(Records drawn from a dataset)
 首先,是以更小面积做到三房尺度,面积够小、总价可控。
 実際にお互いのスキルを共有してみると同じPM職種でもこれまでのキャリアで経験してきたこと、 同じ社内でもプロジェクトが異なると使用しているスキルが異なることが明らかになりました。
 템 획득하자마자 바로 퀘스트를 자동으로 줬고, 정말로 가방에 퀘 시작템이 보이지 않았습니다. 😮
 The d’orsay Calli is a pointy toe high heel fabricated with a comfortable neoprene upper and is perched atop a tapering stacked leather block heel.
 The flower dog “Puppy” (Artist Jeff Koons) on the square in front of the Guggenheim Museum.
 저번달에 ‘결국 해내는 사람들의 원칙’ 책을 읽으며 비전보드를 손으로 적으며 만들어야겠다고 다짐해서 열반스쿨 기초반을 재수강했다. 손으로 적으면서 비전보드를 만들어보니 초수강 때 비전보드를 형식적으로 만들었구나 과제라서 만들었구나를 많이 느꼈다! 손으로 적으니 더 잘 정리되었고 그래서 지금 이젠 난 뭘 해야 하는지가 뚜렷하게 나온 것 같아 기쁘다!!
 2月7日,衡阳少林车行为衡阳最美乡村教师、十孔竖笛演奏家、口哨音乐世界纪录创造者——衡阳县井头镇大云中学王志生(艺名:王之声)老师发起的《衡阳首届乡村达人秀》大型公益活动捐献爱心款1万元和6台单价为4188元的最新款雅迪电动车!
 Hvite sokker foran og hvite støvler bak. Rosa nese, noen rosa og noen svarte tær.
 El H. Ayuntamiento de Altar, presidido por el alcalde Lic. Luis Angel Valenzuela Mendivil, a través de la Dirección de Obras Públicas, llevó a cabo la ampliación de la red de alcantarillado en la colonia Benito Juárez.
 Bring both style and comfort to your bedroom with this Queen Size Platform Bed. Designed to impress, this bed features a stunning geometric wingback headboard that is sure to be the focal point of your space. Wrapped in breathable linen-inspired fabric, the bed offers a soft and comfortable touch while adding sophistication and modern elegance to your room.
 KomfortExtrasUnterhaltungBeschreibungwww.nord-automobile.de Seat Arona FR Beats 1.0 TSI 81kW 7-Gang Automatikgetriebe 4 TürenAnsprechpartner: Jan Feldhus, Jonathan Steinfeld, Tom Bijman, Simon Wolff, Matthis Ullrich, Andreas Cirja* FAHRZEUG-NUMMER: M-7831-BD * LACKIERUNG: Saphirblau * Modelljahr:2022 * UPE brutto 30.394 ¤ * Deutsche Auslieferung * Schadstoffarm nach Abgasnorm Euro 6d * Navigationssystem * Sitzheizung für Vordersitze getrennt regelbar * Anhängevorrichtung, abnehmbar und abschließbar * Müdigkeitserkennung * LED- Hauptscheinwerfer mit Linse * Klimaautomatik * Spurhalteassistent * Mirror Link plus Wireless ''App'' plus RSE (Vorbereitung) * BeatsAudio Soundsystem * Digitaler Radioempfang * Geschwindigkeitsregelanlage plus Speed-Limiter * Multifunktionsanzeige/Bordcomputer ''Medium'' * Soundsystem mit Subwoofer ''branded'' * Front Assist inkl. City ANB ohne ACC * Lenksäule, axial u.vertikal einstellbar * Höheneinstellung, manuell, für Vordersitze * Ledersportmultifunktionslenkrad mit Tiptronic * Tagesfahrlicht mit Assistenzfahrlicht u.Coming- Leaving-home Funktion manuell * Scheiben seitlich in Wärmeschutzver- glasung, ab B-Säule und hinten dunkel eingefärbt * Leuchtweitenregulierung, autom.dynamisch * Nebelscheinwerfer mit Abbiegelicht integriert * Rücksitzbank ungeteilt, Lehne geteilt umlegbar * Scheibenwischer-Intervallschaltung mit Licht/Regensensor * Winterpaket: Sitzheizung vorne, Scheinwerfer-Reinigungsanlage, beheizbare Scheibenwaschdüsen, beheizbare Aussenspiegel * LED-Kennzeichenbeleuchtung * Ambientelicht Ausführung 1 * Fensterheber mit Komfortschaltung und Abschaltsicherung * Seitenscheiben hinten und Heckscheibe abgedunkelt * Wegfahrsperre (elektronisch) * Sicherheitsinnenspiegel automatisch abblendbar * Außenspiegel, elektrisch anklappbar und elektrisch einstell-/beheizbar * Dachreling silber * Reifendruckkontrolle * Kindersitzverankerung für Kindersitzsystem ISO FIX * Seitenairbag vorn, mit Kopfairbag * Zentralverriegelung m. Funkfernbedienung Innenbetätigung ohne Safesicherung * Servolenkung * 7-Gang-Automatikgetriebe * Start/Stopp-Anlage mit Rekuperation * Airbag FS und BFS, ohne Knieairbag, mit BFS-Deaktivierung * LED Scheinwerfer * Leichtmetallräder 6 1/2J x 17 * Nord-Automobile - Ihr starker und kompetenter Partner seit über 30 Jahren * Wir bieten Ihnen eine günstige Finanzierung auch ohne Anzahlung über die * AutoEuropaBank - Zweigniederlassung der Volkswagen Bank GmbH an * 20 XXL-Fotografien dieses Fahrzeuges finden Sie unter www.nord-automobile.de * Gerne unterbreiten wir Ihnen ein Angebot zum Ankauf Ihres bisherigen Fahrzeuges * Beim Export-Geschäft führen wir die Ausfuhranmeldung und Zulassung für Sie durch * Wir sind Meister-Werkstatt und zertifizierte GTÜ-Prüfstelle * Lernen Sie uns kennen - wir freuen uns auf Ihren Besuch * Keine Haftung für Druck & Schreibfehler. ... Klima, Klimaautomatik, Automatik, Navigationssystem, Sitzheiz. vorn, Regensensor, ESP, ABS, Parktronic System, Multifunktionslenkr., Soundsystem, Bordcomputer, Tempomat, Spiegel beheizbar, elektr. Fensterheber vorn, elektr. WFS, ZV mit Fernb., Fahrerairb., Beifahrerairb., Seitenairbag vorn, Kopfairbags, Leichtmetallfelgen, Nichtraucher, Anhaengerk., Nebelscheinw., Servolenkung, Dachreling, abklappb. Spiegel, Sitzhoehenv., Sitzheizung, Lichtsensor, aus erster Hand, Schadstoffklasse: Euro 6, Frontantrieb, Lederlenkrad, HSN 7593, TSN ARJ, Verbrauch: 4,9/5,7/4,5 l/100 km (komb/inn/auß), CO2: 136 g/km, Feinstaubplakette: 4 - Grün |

EXERCISE:
Extract from the records above the lines from the one containing "Hvite sokker foran" to the one containing "Bring both style", both lines included, exactly as they appear and with nothing else.

ANSWER SECTION:
 Hvite sokker foran og hvite støvler bak. Rosa nese, noen rosa og noen svarte tær.
 El H. Ayuntamiento de Altar, presidido por el alcalde Lic. Luis Angel Valenzuela Mendivil, a través de la Dirección de Obras Públicas, llevó a cabo la ampliación de la red de alcantarillado en la colonia Benito Juárez.
 Bring both style and comfort to your bedroom with this Queen Size Platform Bed. Designed to impress, this bed features a stunning geometric wingback headboard that is sure to be the focal point of your space. Wrapped in breathable linen-inspired fabric, the bed offers a soft and comfortable touch while adding sophistication and modern elegance to your room.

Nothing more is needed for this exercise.